Kingfisher dives as B&Q fails to make hay while sun shines

Shares dropped by 8% after trading in France and Poland was lower than expected
Shares in the retail giant slumped nearly 8% after sales of outdoor and seasonal products at B&Q fell 8% over the second quarter,
Simon Neville24 July 2014

B&Q emerged today as the big loser of the summer as the UK’s largest DIY chain admitted it failed to capitalise on the recent heatwave, causing the City to abandon parent company Kingfisher.

Shares in the retail giant slumped nearly 8% after sales of outdoor and seasonal products at B&Q fell 8% over the second quarter, despite one of the warmest summers on record.

Overall sales at the chain dropped 3.2% in the 10 weeks to July 12, with big-ticket sales of kitchens, bathrooms and bedrooms diving 6%.

The company blamed the World Cup, suggesting homeowners were preferring to put their feet up to watch the football rather than embark on big home projects.

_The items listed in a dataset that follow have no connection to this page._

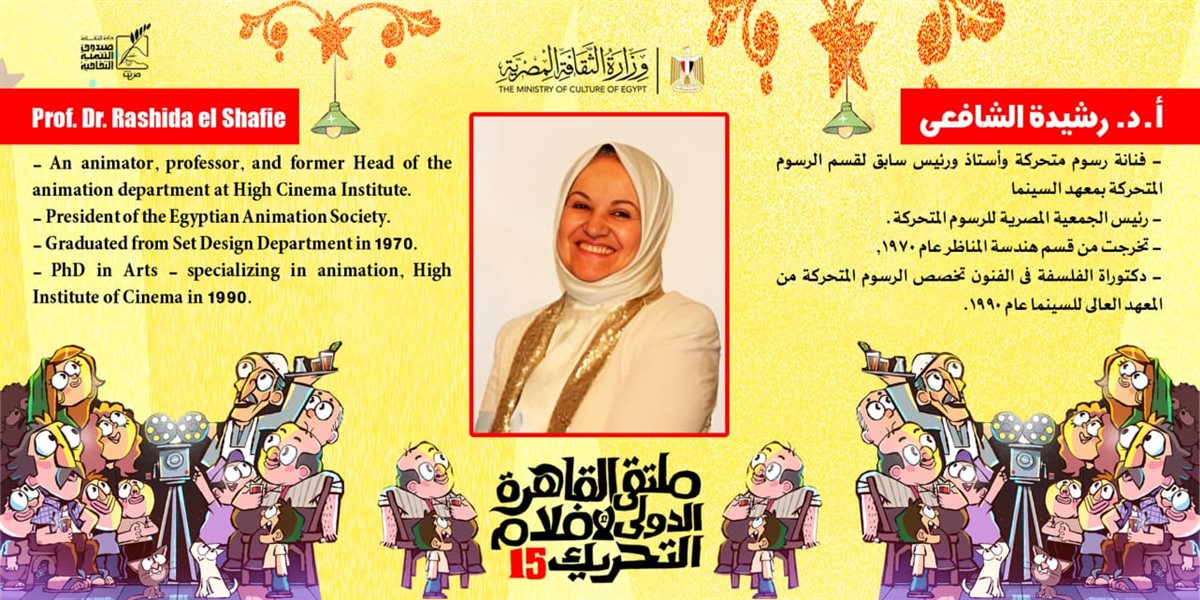 كما كرّم الملتقى الدكتورة رشيدة الشافعي، فنانة الرسوم المتحركة وأستاذة ورئيسة سابقة لقسم الرسوم المتحركة بالمعهد العالي للسينما، ورئيسة الجمعية المصرية للرسوم المتحركة، تقديرًا لدورها المحوري في تأسيس هذا التخصص أكاديميًا، وإسهاماتها في إعداد أجيال من المبدعين، فضلًا عن دورها في إطلاق وإدارة ملتقى القاهرة الدولي لأفلام التحريك حتى عام 2020.
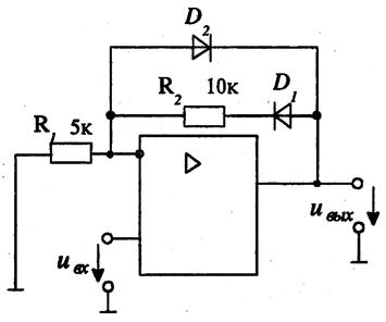 Рис. 10.8. Схема усилителя на ОУ с диодами
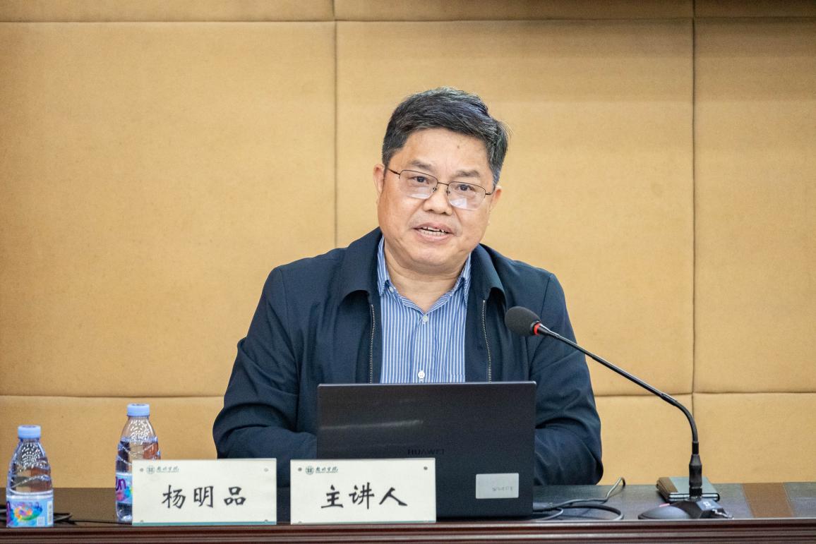 本网讯 4月11日,国家广播电视总局发展研究中心原副主任、正高二级研究员杨明品应邀做客我校东江大讲堂,围绕视听产业变革与创新发展展开专题调研与学术交流。
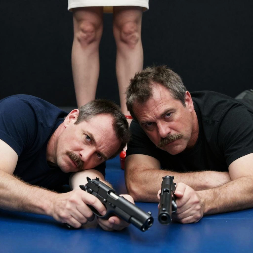 Photograph of two middle-aged men with mustaches lying on a blue surface, one holding a black gun, both with intense expressions. A woman in red high heels stands above them, her skirt partially visible. Background is dark.
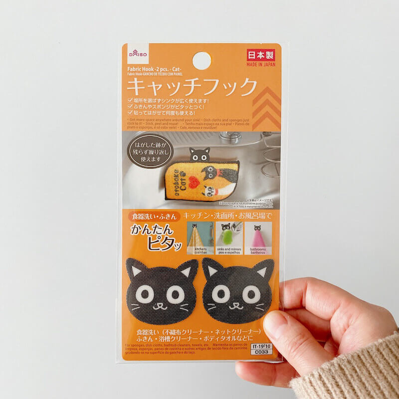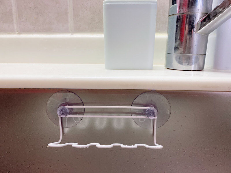 ズボラなわたしには、セリアよりもダイソーの「キャッチフック」が水回りのスポンジ収納にぴったりでした!
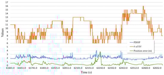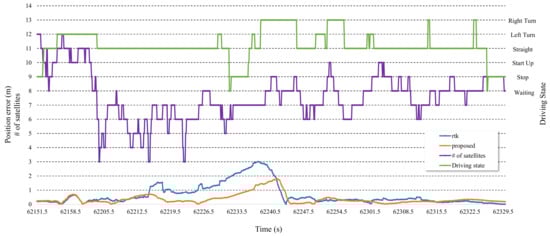 Figure 15 shows the number of receivable satellites, the driving state, and the positioning error of RTK and the proposed system. During this period, the vehicle started, turned left, went straight, then stopped for a while, and then drove and stopped. The number of receivable satellites was high, 10 to 12, in the early period, and it was very low, 3 to 6, in the middle period. It was 6 to 10 in the late period. The positioning error of the proposed system was nearly identical to that of RTK because the proposed adaptive algorithm adds weight to satellite positioning. For the rest of period, the positioning error increased due to the smaller number of receivable satellites. The positioning error of the proposed system was up to over 1.5 meters lower than that of RTK while the number of receivable satellites was low.
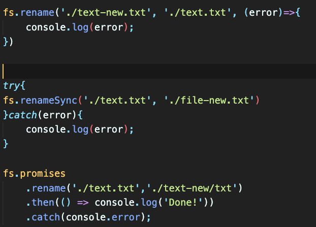 renameSync(...) 블럭킹형태 => 콜백함수 전달 없는형태 에러사항 공지 no : try 와 catch 로 감싸야함 왜냐하면 노드가 중지되니까
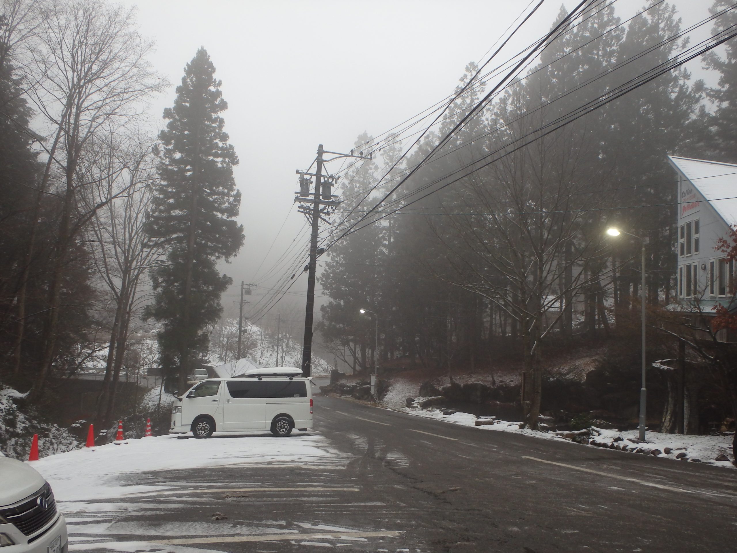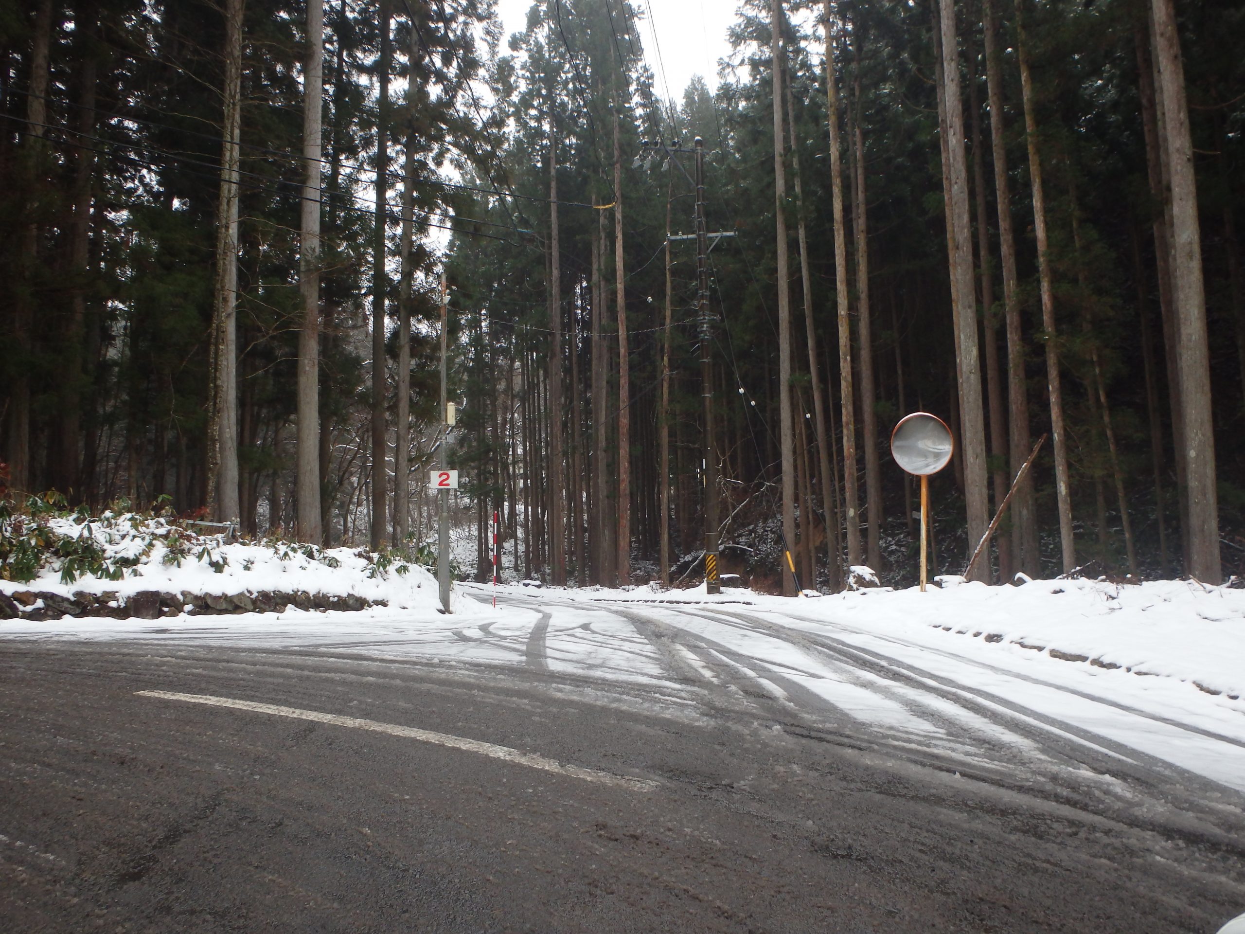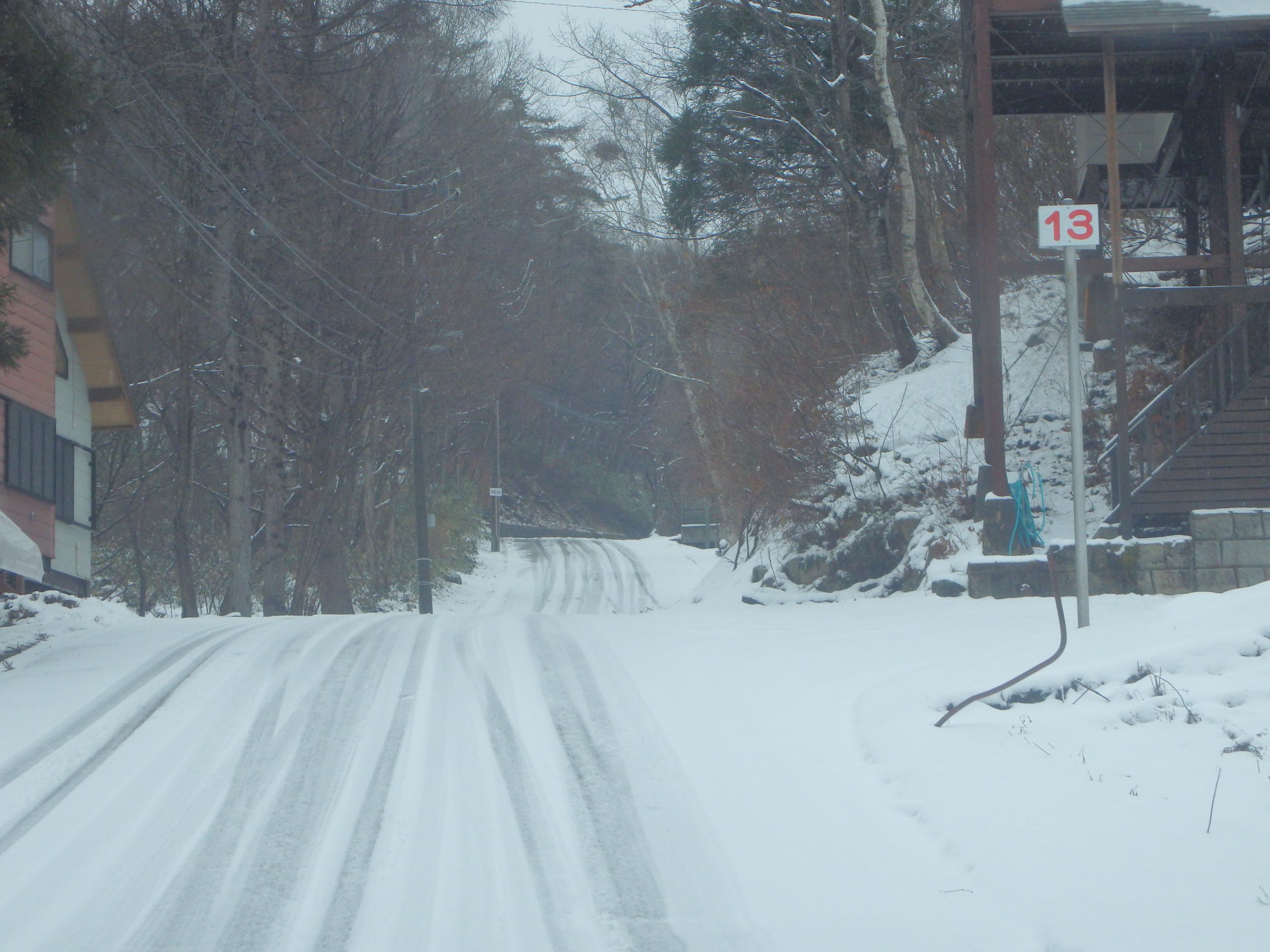 別荘地内は積雪は多くありませんが、朝晩の冷え込みや、日陰やカーブなどで道路が凍結・スリップしやすい場所があります。

In addition, hundreds of England-related goods, such as St George-adorned garden gnomes, were left unsold following the team’s early exit.

However, the warm weather recently helped rival DIY chain Homebase record an impressive 7.9% boost in sales for the three months to the end of May.

Meanwhile, rival kitchens business Howden added to B&Q’s misery today by revealing it saw a 14% boost in total sales in the four weeks to June 14, suggesting families were still willing to splash out on big purchases. Investors reacted by pushing Kingfisher to the bottom of the FTSE 100, with shares diving 7.9% to 309.6p, their lowest in over a year.

Kingfisher boss Sir Ian Cheshire claimed the fall was mainly due to good weather in the first quarter of the year, meaning many shoppers bought a new set of outdoor seats earlier than previously.

He said: “Trading in our second quarter was always expected to be more difficult, annualising a very strong second-quarter performance last year and following this year’s weather-boosted first quarter.”

Analysts suggested that because B&Q is more focused on consumer business than trade business, this could have affected sales, pointing out Kingfisher’s other UK business, Screwfix, which deals mainly with trade customers, has gone from strength to strength, with sales up 11.8%.

Independent retail analyst Nick Bubb said: “Life is good for Howden, and the business goes from strength to strength, but its focus is on ‘the trade’, whereas Kingfisher is more consumer-facing and they don’t seem quite so happy about life.”

Overall, Kingfisher’s sales fell 1.8% with its French operation badly hit. Sales at the Castorama chain fell 0.9% while Brico Depot sales dived 3.8%.